Wartime GNP for Canada

Following discussions on a previous post concerning wartime prosperity, I decided to make a follow-up on wartime accounting of economic output. My argument rests on the idea that wartime spending does not increase economic growth, it merely takes ressources away from the private sector to build military ressources. Moreover, I also argue that military goods cannot be considered as valuable goods – especially since many of them are intermediary goods. This is why I believe that output figures must be corrected during wartimes to exclude military outlays.

In this way, I make the same claim that Robert Higgs did (himself inspired on Simon Kuznets’ work) but for Canada. To defend this methodological approach, Higgs quotes Kuznets who said that  “a major war magnifies these conceptual difficulties, raising questions concerning the ends economic activity is made to pursue; and “the distinction between intermediate and final products.” In the end, he asserts that the “crucial question: does war spending purchase a final good and hence belong in GNP, or an intermediate good and hence not belong.” This is why Higgs calculates a new series of GNP data points which exclude all military expenditures – something that others economists like William Nordhaus and James Tobin have also done as Higgs points out.

In this spirit, I have recalculated GNP figures for Canada and compared them with the United States figures that Higgs provides and produces.
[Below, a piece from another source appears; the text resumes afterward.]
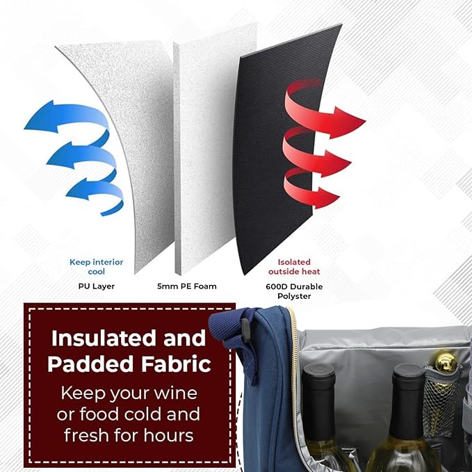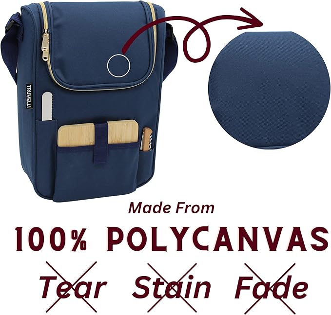 Truvelli Plush Picnic Premium Wine Bag, 7-in-1 Insulated 2 Bottle Wine Carrier Tote, Wine & Cheese Cooler Bag, Great Gifts for Wine Lovers (Deep Blue)

First, here is the non-corrected figures

Sadly, my data from the Historical Statistics of Canada are not as detailled as those Higgs – I do not have spending on munition productions, constructions, maintenance etc. I only possess numbers for national defence per se. So I decided to remove the entire national defence outlet from GNP. Hence the following graphic:

In both cases, you can see that during wartime, GNP did not increase as much as the official figures did and the increase is fastest after the war. But even there, I think the corrected figures fail to convey information about real production. The vast majority of goods produced in the economy were reallocated to defence (foodstuffs, oil, plastics, glass etc.). This meant rationing through tickets, queues and favoritism. It also meant that ressources were not allocated as efficiently as they could have been. This means that our price indexes might be woefully inaccurate. For example, when we look at deflator constructed by Milton Friedman and Anna Schwartz in A Monetary History of the United States, we can see that the official consumption figures are out of sync with reality. Friedman and Schwartz’s deflators show that consumption shrank in the United States during the war.